===== Given information
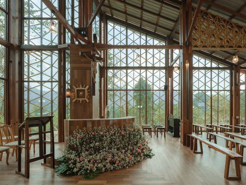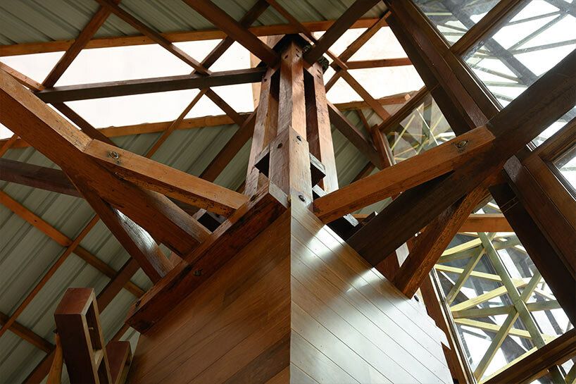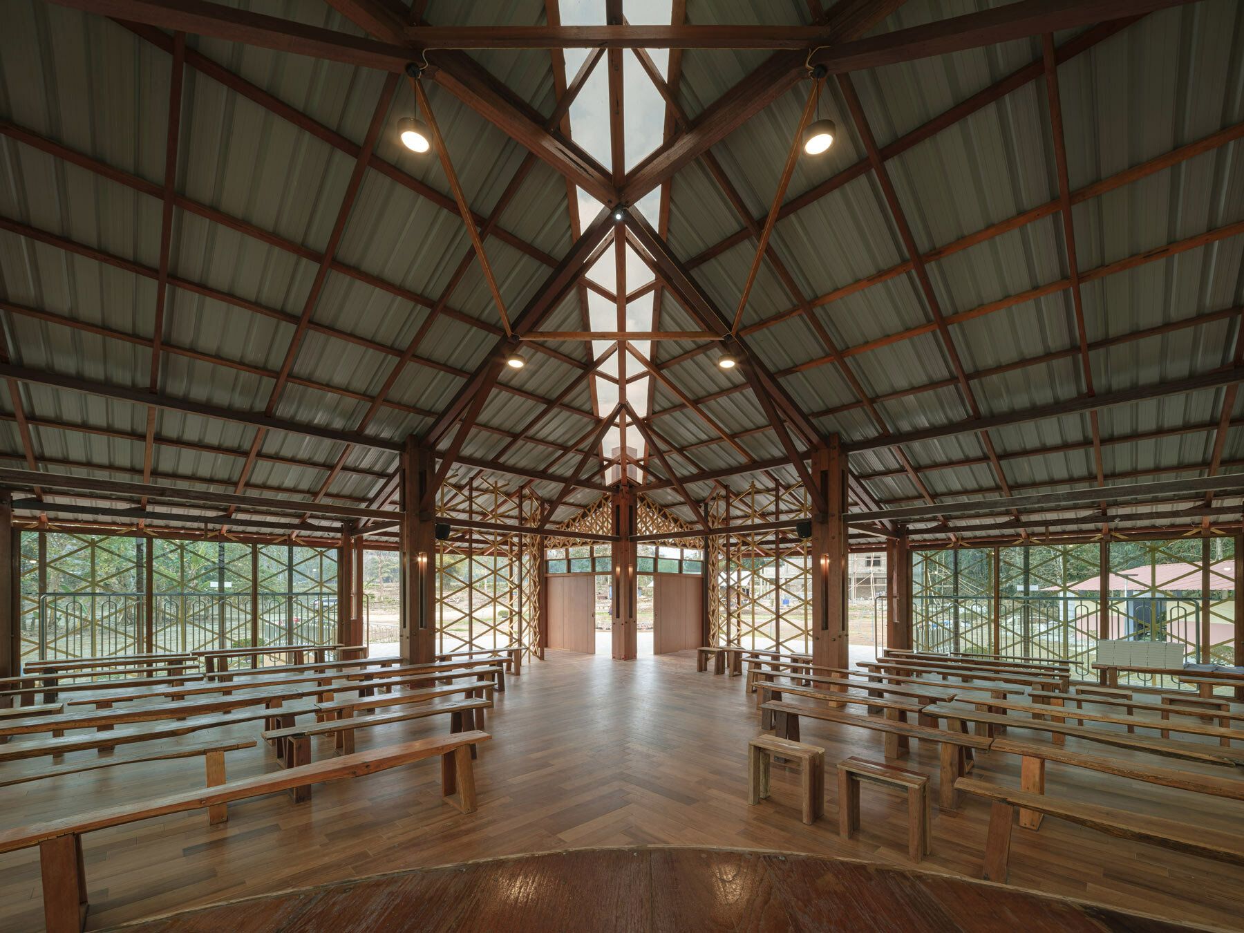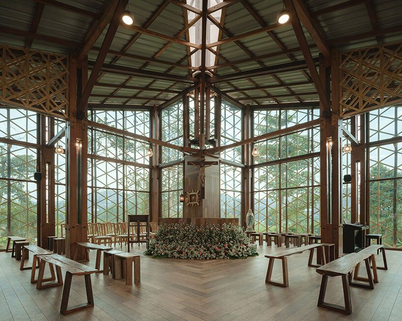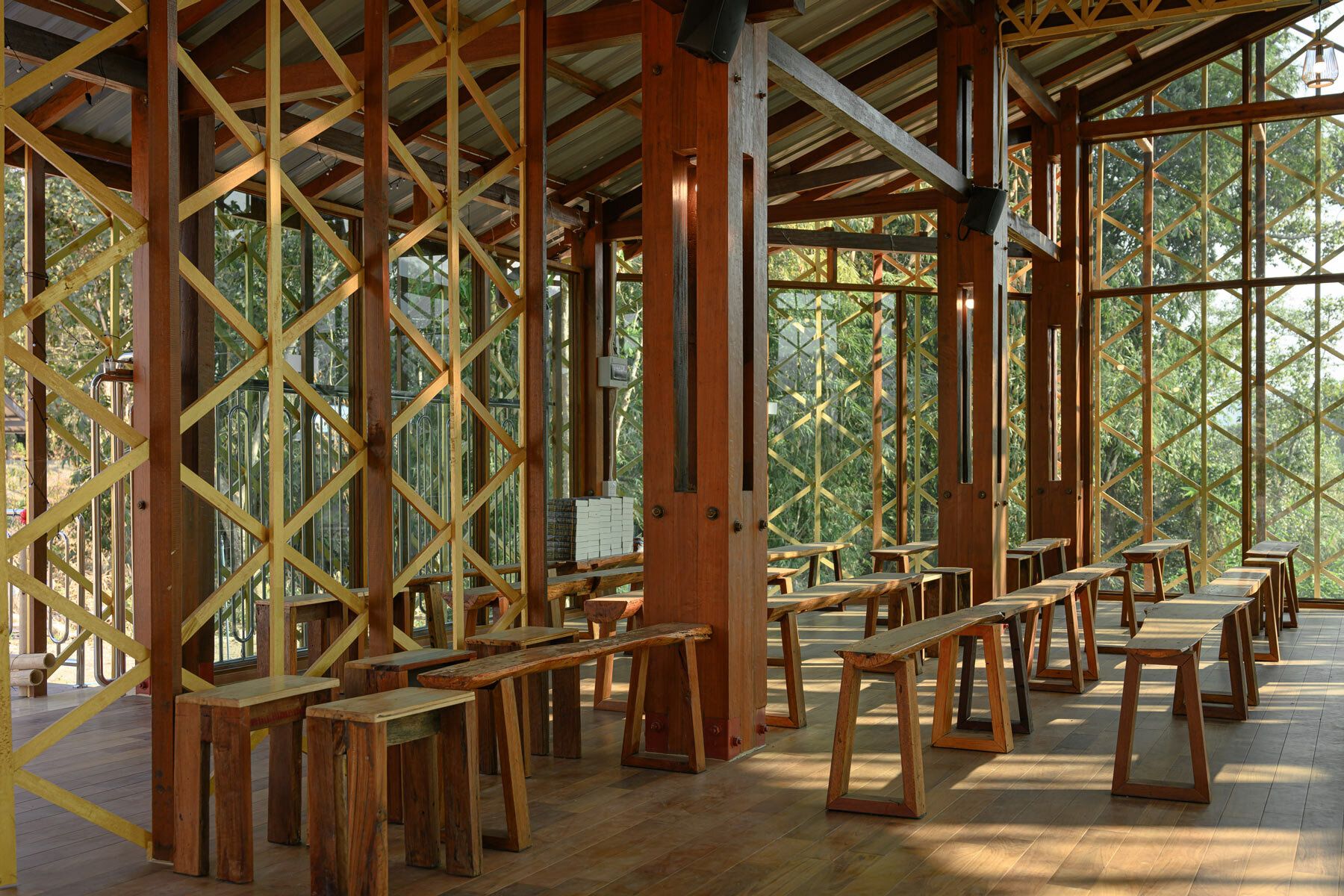 การใช้เสาโปร่งแบบคอมโพสิตสร้างความรู้สึกโปร่งสบาย ผสมผสานวัดกับป่าโดยรอบได้อย่างลงตัว เสาเหล่านี้ซึ่งวางอยู่ตามแนวเส้นรอบวงด้านนอก ทำหน้าที่เป็นช่องทางระบายอากาศแบบพาสซีฟ ทำให้ลมในหุบเขาพัดผ่านวัดได้
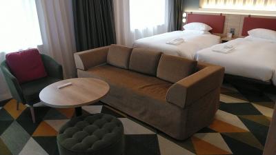 部屋は45㎡あるのでゆとりがありツインのデュベスタイルのベッドメイキングに、テーブルにソファー、ビューバスでゆっくりできます。レストラン、ラウンジ、ケーキのテイクアウト等も再開されているので館内で楽しめます。朝食はビュッフェで美味しく、オムレツはオーダーで提供され、デザートの苺のソフトクリームがソルベ風で美味しかったですね!館内レストランはテイクアウトもあって以前と比べ選択肢も増えてました。駐車場は無料で、スタッフも親切で心地よい滞在でした。- 旅行時期
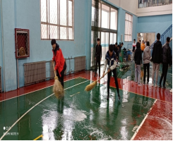 活动中,体育学院党总支副书记牛爱兰带领学院全体党员和2019级、2020级学生对场馆进行了彻底清扫。
==========
▶ [What to produce] Once the pictures are set aside, retype the rest of the listing exactly.

▶ [Response area]
 การใช้เสาโปร่งแบบคอมโพสิตสร้างความรู้สึกโปร่งสบาย ผสมผสานวัดกับป่าโดยรอบได้อย่างลงตัว เสาเหล่านี้ซึ่งวางอยู่ตามแนวเส้นรอบวงด้านนอก ทำหน้าที่เป็นช่องทางระบายอากาศแบบพาสซีฟ ทำให้ลมในหุบเขาพัดผ่านวัดได้
 部屋は45㎡あるのでゆとりがありツインのデュベスタイルのベッドメイキングに、テーブルにソファー、ビューバスでゆっくりできます。レストラン、ラウンジ、ケーキのテイクアウト等も再開されているので館内で楽しめます。朝食はビュッフェで美味しく、オムレツはオーダーで提供され、デザートの苺のソフトクリームがソルベ風で美味しかったですね!館内レストランはテイクアウトもあって以前と比べ選択肢も増えてました。駐車場は無料で、スタッフも親切で心地よい滞在でした。- 旅行時期
 活动中,体育学院党总支副书记牛爱兰带领学院全体党员和2019级、2020级学生对场馆进行了彻底清扫。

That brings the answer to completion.